From here one can see in the Continentalist Essays the very first expression of his interest in the effective use of government power, its energetic exercise by Congress, and the need for financial stability. These formed the basis for his later involvement with Jay and Madison as Publius in the Federalist Papers. The spirit of his contributions to the Federalist project can be found right here in these earliest writings.  
It would be altogether too easy to simply assert that Hamilton was always eager for the exercise of authority. Setting his revolutionary writings alongside his Federalist Papers, we find glowing passages in favor of liberty and limited government. And here is where the reader will find an interesting conundrum.

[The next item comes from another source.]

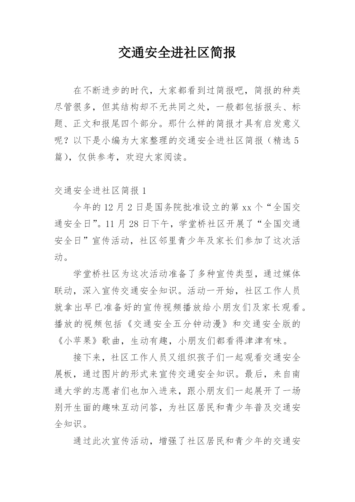 交通安全进社区简报在不断进步的时代,大家都看到过简报吧,简报的种类尽管很多,但其结构却不无共同之处,一般都包括报头、标题、正文和报尾四个部分。那什么样的简报才具有启发意义呢?以下是小编为大家整理的交通安全进社区简报(精选5篇),仅供参考,欢迎大家阅读。交通安全进社区简报1今年的12月2日是国务院批准设立的第xx个“全国交通安全日”。11月28日下午,学堂桥社区开展了“全国交通安全日”宣传活动,社区邻里青少年及家长们参加了这次活动。学堂桥社区为这次活动准备了多种宣传类型,通过媒体联动,深入宣传交通安全知识。

Hamilton is best known for his defense of what is sometimes referred to as the implied powers doctrine. The issue derives from a very old problem in the interpretation of law. If a law grants the power to collect the mails, it seems reasonable to imply that the law includes the authority to build post offices and appoint postmasters. But how far can such n implication actually extend? The problem is a critical one for any government that is based on the idea of enumerated powers within a federal distribution of state and national authorities. 
Hamilton in fact wrote some of the strongest language arguing that the distinction between the state governments and the national government was one of delegated and reserved powers. He used this argument most famously in his essay against the inclusion of a Bill of Rights, which many of the opponents of the Constitution regarded as its most damaging omission. In Essay number 84, he argued, 
“I go further, and affirm, that bills of rights, in the sense and to the extent they are contended for, are not only unnecessary in the proposed constitution, but would even be dangerous. They would contain various exceptions to powers not granted; and on this very account, would afford a colourable pretext to claim more than were granted.” And in fact, in just two paragraphs prior to this passage, he had asserted, “Here in strictness, the people surrender nothing; and as they retain everything, they have no need of particular reservations.” 

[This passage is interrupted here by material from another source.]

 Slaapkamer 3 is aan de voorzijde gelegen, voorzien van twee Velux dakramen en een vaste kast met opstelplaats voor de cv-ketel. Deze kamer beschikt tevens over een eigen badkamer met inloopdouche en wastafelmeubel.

Later, however, as the first Secretary of the Treasury under Washington, Hamilton would assert that the power to create corporations was merely a means implied in the nature of sovereignty. The only limiting constraint on the use of such a means was in the delegation of the specific enumerated powers: 
The only question,” he wrote to Washington, “must be, as in every other case, whether the means to be employed, or in this case the corporation to be erected, has a natural relation to any of the acknowledged objects or lawful ends of the Government? Thus, a corporation may not be erected by Congress for superintending the police of the city of Philadelphia, because they are not authorized to regulate the police of that city. But one may be erected in relation to the collection of taxes, or to the trade with foreign countries, or to the trade between the States, or with Indian tribes…
Thus to establish a national bank, for Hamilton, was perfectly consistent with the need to exercise the enumerated powers of “collecting taxes, to that of borrowing money; to that of regulating trade between the states; and to those of raising and maintaining fleets and armies.” But was Hamilton strict enough? 
Madison did not think so. While in the convention, Madison had actually moved for including the power to incorporate, but that motion was voted down. Lacking it, he said, meant that the national government did not have it. Was he being too strict? 
In one way or another, it is precisely this very early dispute over how one should read the Constitution that rests ultimately at the bottom of nearly every subsequent disagreement about the meaning and nature of our fundamental law. That is one very important reason to read Hamilton!